Дело было в 2003 году — к тому моменту Расторгуев уже снял в Ростове несколько полнометражных фильмов. После выхода одного из них — документально-игрового «Твой род», снятого в армянском селе Ахнидзор, — Сашу даже называли «вторым армянским режиссером после Параджанова» (хотя никакого отношения к Армении он не имел). О «Мамочках» и «Горе», спродюсированных документалистом Виталием Манским, говорили, что в них есть небывалая степень близости к героям, но широкую известность в Москве и Петербурге Саша так и не получил. О его фильмах не знали даже кинокритики. Именно Аркус стала человеком, который познакомил столичных кинематографистов с творчеством Расторгуева. «Мне было необходимо с кем-то поделиться, — вспоминает она. — И я послала диск «Чистого четверга» Сокурову».

«Чистый четверг» — фильм-притча, фильм-зарисовка о Второй чеченской, где самой войны почти нет. Живя в Ростове, не думать о войне, которая шла совсем близко, было невозможно. Однажды Расторгуев прочел заметку о военном поезде-прачечной, который обстирывает бойцов, — и начал мечтать о фильме. Деньги — пусть и крошечные — на кино удалось найти быстрее, чем получить разрешение на выезд в зону боевых действий; но в итоге группа Расторгуева смогла договориться, что полетит в Чечню на военном самолете. В редакции «Дон-ТР» устали от их постоянных отъездов, но Баранжиева, Расторгуев и Кечеджиян взяли отпуск за свой счет и улетели, ничего не сказав даже близким.

«Каждый день был непредсказуем. Были и перестрелки, и выход с колонной БТР. Мы были рассредоточены по разным машинам — если ударит, то не всех разом», — рассказывает Баранжиева. И вспоминает, что оператор уговаривал их не ехать: говорил, что Саша «совсем мальчишка, что у него играет кровь».

Они и правда чуть не погибли, когда возвращались из первой чеченской командировки. «Мальчишка-студент, который заливал масло в баки, забыл [бак] завинтить, масло вылилось, и наш вертолет стал падать, — вспоминает Сусанна. — Это было ужасно, там было полно женщин, детей.

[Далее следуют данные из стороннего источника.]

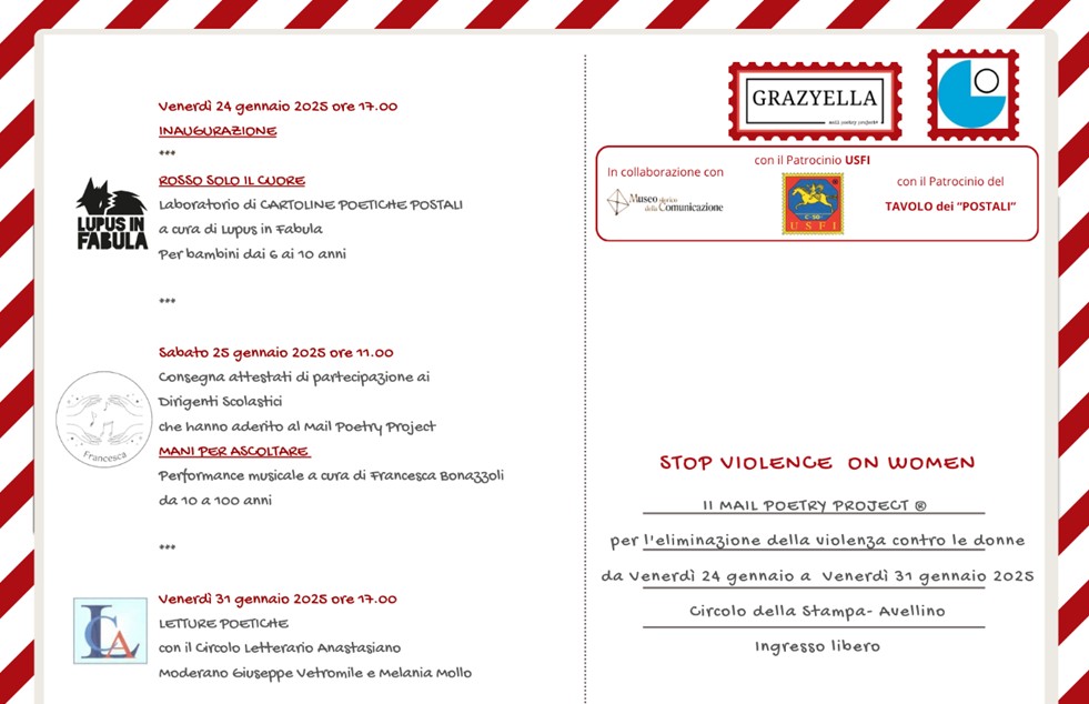 AVELLINO – Dal 24 al 31 gennaio 2025 il circolo della stampa di Avellino sarà il cuore di un evento unico: la mostra “Stop Violence Against Women”, parte della seconda edizione internazionale del Mail Poetry Project, un filone artistico ideato da Grazyella (nome d’arte di Graziella di Grezia).

Но летчик сумел хорошо спланировать». Потом они вернулись в Чечню, чтобы доснять фильм, а когда собирались улетать, их не взяли на борт еще одного вертолета. Вскоре он разбился — на глазах у Расторгуева, Баранжиевой и Кечеджияна; в нем были люди, которых группа снимала несколько месяцев.

Александр Сокуров, посмотрев «Чистый четверг», попросил Аркус срочно найти телефон Расторгуева. Он позвонил молодому ростовскому режиссеру, чтобы сказать — нужно снимать еще и еще. «Спасибо, — ответил Расторгуев. — Извините. Я сплю».

«Чистый четверг». Фрагмент
Vitaliy Mansky

***

Вернувшись из Чечни, Расторгуев и его соавторы продолжили работать на «Дон-ТР». «Как-то мы готовимся к очередному выезду на съемки, и вдруг секретарша вызывает меня к генеральному, — рассказывает Баранжиева. — И тот говорит: «Сусанна, вы полетели на съемку без разрешения руководства. Вы уволены». Я спрашиваю: а что, у вас много желающих полететь на съемку в Чечню? Он говорит: вы прете на красный свет! Саша, как про это узнал, тут же схватил трубку, позвонил и кричит: «Николай Иванович, вы — идиот!» А у того совещание было в кабинете, а это все по громкой связи». На следующий день Расторгуев уволился сам.

Кажется, хуже всего Саша был приспособлен к работе в корпорациях. После его смерти Баранжиева и Павел Костомаров — еще один соавтор режиссера — грустно шутили, что можно было бы повесить мемориальные доски на все организации, из которых Расторгуева увольняли. Таких компаний было много.

Помогать безработному режиссеру взялась Любовь Аркус. Он приехал к ней в гости в Петербург — и встретился там с продюсером Сергеем Сельяновым. Это была первая попытка ввести Расторгуева в столичную киноиндустрию. «Я накрутила Сельянова, что его нельзя упускать, потому что он — гений. У него тяжелый характер, но это я возьму на себя. Главное, чтобы у него был договор, и он знал, что делает фильм, — вспоминает Любовь Аркус. — Сельянов разговаривал с Сашей очень осторожно, дружелюбно. Саша ему рассказывает какую-то немыслимую историю, которую он хотел бы писать. Сельянов говорит: Хорошо, Александр. Напишите синопсис, буквально на трех страницах. Мы посчитаем смету, выплатим вам аванс. Расторгуев отвечает: «Сергей Михайлович, я сейчас не могу. Во мне должно это как-то вырасти». А Сельянов ему: «Понимаю, но мне нужно посчитать. Мне нужны параметры». И тогда Расторгуев взрывается и орет: «Что же это такое, черт возьми! Я вам предлагаю запустить ракету, которую никто никогда не запускал!» На что Сельянов ему: «Но мне нужен какой-то чертеж этой ракеты!»»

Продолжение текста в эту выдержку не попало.